Stored entries
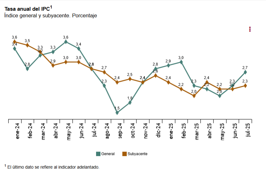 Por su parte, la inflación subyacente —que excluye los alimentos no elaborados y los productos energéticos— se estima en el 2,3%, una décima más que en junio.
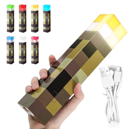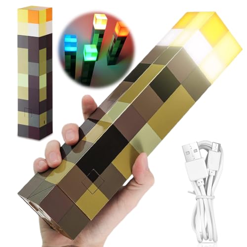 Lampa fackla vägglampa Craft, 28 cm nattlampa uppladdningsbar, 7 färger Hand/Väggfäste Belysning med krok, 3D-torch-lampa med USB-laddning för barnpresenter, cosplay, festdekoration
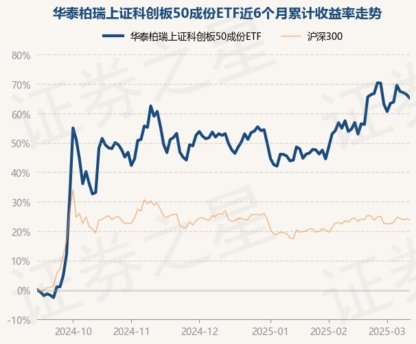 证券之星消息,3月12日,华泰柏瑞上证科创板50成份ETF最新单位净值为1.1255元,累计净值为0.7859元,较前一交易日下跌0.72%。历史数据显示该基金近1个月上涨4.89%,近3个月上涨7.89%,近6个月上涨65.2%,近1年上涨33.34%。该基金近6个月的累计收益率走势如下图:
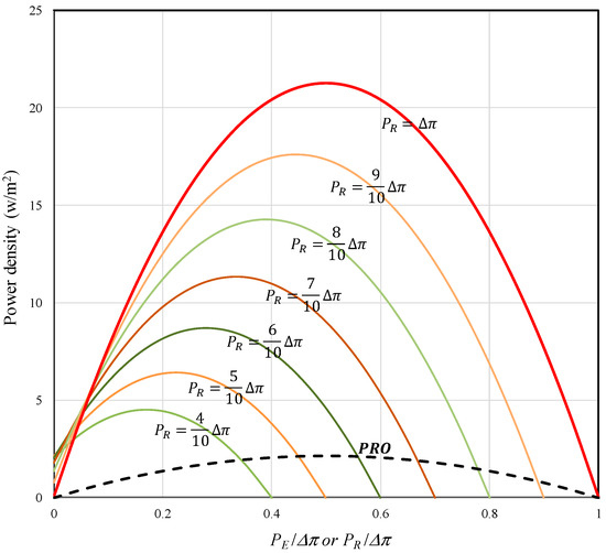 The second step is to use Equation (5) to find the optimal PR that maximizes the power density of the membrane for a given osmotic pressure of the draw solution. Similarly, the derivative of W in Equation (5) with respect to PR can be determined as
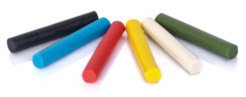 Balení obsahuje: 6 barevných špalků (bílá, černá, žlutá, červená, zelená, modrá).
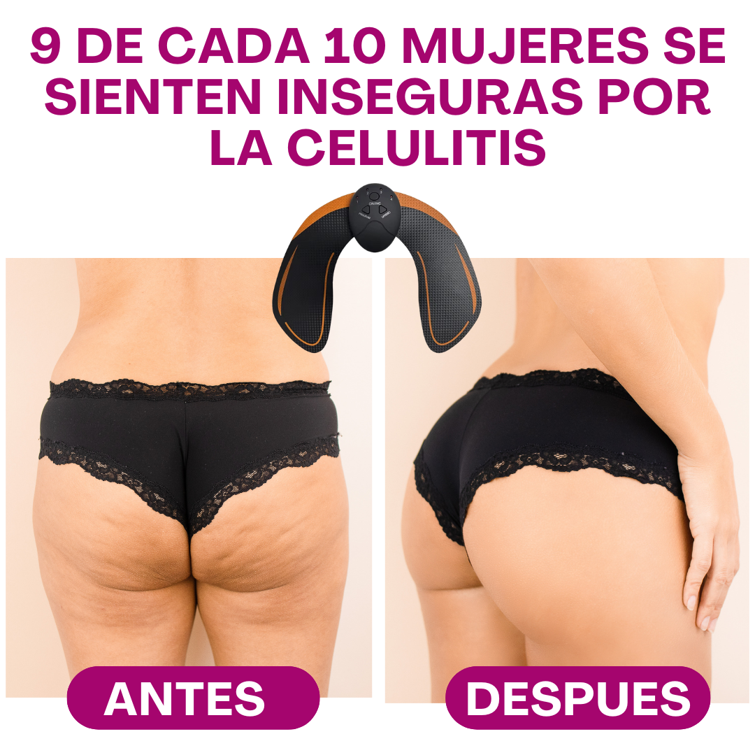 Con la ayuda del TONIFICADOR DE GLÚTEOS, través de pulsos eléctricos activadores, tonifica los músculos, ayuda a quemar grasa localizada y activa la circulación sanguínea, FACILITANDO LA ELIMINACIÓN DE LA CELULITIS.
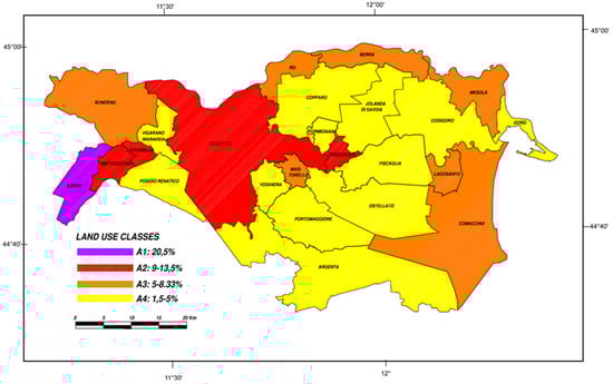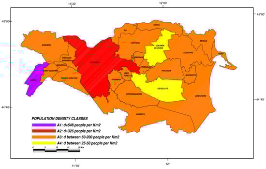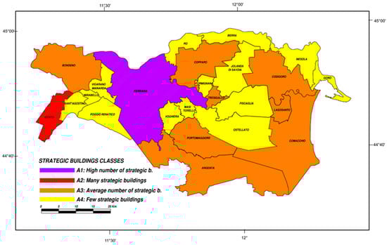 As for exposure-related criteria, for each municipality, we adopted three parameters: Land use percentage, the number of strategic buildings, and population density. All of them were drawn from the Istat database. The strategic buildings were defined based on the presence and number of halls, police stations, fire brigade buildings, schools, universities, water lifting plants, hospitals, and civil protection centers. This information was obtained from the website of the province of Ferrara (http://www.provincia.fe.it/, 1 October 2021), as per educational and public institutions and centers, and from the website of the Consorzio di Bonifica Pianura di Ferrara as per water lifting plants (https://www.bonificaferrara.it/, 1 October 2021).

YOUR GOAL: Print, with pictures removed, exactly the lines of the records above from the top through the line containing "证券之星消息,3月12日,华".

PROBLEM SOLUTION:
 Por su parte, la inflación subyacente —que excluye los alimentos no elaborados y los productos energéticos— se estima en el 2,3%, una décima más que en junio.
 Lampa fackla vägglampa Craft, 28 cm nattlampa uppladdningsbar, 7 färger Hand/Väggfäste Belysning med krok, 3D-torch-lampa med USB-laddning för barnpresenter, cosplay, festdekoration
 证券之星消息,3月12日,华泰柏瑞上证科创板50成份ETF最新单位净值为1.1255元,累计净值为0.7859元,较前一交易日下跌0.72%。历史数据显示该基金近1个月上涨4.89%,近3个月上涨7.89%,近6个月上涨65.2%,近1年上涨33.34%。该基金近6个月的累计收益率走势如下图:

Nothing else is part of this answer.